* **YOUR INSTRUCTIONS**
Would you transcribe the records below from the line with "Adjustment Snap Rings" to the line with "وأعلنت القيادة عبر", ends included, exactly and with nothing more, leaving the pictures out?

---------- SOURCE INFORMATION

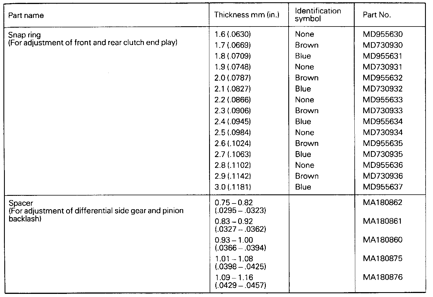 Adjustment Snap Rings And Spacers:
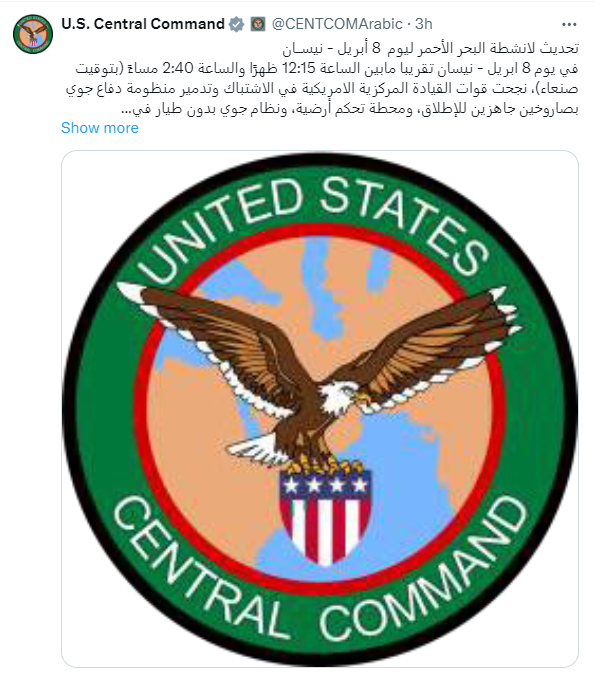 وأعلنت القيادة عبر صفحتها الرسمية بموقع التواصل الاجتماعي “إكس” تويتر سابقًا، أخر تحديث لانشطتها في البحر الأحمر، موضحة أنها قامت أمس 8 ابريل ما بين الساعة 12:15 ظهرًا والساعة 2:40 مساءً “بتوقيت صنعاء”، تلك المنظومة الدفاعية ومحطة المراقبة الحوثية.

--------------------
---------- SOURCE INFORMATION

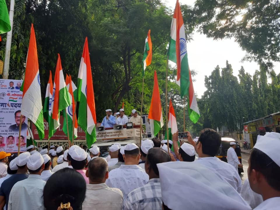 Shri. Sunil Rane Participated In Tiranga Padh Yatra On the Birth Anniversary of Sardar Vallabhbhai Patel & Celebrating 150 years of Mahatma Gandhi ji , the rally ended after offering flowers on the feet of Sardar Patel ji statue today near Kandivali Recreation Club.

--------------------
---------- SOURCE INFORMATION

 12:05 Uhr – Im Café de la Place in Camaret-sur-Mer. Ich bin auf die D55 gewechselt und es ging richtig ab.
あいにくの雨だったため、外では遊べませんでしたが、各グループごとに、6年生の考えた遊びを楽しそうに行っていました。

--------------------

* **RESULT OF THE TASK**
 Adjustment Snap Rings And Spacers:
 وأعلنت القيادة عبر صفحتها الرسمية بموقع التواصل الاجتماعي “إكس” تويتر سابقًا، أخر تحديث لانشطتها في البحر الأحمر، موضحة أنها قامت أمس 8 ابريل ما بين الساعة 12:15 ظهرًا والساعة 2:40 مساءً “بتوقيت صنعاء”، تلك المنظومة الدفاعية ومحطة المراقبة الحوثية.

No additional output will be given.